Streep is marvellous as a mother on the verge of a nervous breakdown, and Brosnan, Firth and Skarsgard embrace their roles without restraint, having as much fun making the film as we do watching it. Their infectious energy reaches a giddy high when we're encouraged to sing and dance like lunatics in the aisles to an uproarious reprise of Dancing Queen. Resistance is futile.

Martial arts titans Jet Li and Jackie Chan share the screen for the very first time in Rob Minkoff's chop socky adventure The Forbidden Kingdom, a lively East meets West smackdown filmed on location in China. Fight choreographer Yuen Woo-ping orchestrates a series of dazzling, gravity-defying action set pieces, including a skirmish on a mountaintop and the long awaited face-off between the iconic Chinese and Hong Kong leads. A picturesque bamboo forest recalls a pivotal sequence from House of Flying Daggers, closely following the obligatory skirmish in a busy teahouse, which lies in tatters by the end of the fast-paced confrontation. The film is hugely entertaining and self-consciously daft, hung loosely on a fantastical yarn that incorporates elements from various well-known legends and novels.

After a prologue to explain the mythology of The Monkey King (Li), the film begins in Chinatown, New York, where kung fu crazy misfit Jason (Michael Angarano) often goes to rifle through DVDs at a pawn shop run by doddering Old Hop (Chan). "You watch too much Hong Kong phooey," jokes the owner, amused by the schoolboy's passion for obscure martial arts films. Unfortunately, weakling Jason is a prime target for a gang of bullies who use the youngster as bait to force their way into Old Hop's shop, fatally wounding the owner. With his dying breath, Old Hop instructs Jason to return one item - a golden staff - to its rightful owner, the legendary Monkey King.

The boy flees with the staff and in the ensuing chase across the rooftops, Jason is magically transported to ancient China where the Jade Warlord (Collin Chou) seeks the talisman in the boy's possession.
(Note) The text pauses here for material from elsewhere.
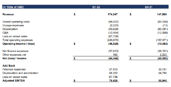 Scorpio Tankers成立于2009年,总部位于摩纳哥,于2010年在纽交所挂牌上市,是一家精炼石油产品运输的领先国际运营商。据其最新季度财报,Scorpio Tankers在今年一季度营收约1.74亿美元,同比增长29.7%;息税折旧摊销前利润EBITDA环比上涨,几乎追平前年三季度的表现。
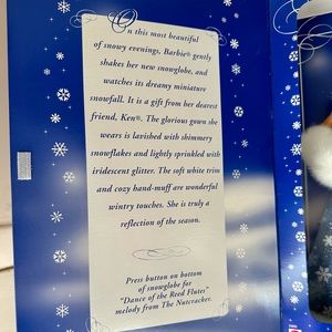On this most beautiful of snowy evenings, Barbie gently shakes her new snow-globe and watches its dreamy miniature snowfall. The glorious blue gown she wears is lavished with shimmery snowflakes and lightly sprinkled with iridescent glitter. The soft white trim and cozy hand-muff are truly a reflection of the season.

Thankfully, drunken master Lu Yan (Chan again) rescues Jason from the warlord's minions and begins to tutor the schoolboy in the art of fighting so that he can fulfill a prophecy and deliver the staff to Five Elements Mountain.
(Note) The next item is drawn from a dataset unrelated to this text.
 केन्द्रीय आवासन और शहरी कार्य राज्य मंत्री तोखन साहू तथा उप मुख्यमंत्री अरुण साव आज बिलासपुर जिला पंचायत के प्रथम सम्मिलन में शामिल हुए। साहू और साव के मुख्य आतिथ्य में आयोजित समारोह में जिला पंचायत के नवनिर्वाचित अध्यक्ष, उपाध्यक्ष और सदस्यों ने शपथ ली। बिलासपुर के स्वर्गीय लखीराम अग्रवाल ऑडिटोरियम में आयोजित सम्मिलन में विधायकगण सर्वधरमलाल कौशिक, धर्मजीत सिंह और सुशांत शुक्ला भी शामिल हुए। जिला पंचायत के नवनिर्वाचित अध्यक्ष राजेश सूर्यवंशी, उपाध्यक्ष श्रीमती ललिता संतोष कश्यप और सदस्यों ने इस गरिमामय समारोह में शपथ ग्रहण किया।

The unlikely friends are joined by the enigmatic, dart-wielding Golden Sparrow (Yifei Liu) and the Silent Monk (Li again), who also hopes to release The Monkey King from incarceration. Meanwhile, the Jade Warlord promises an elixir of immortality to the White-Haired Demoness (LI Bingbing) if she can thwart Jason and his merry band, and retrieve the staff.

The Forbidden Kingdom is a rollicking romp for the whole family, playing Jason's Rocky-style training under Lu Yan and the Silent Monk for laughs.

These sequences are interspersed with some lively banter between Chan's mentor and Angarano's wet-behind-the-ears protege, who is summarily dismissed by the Silent Monk because of his skin colour.

"We are all the same inside aren't we?" counters Lu Yan angrily, emphasising the film's central message about finding the hero within.

Director Minkoff barely pauses for breath between the fights, building to a spectacular final showdown awash with clashing swords, gravity-defying acrobatics and explosive computer effects.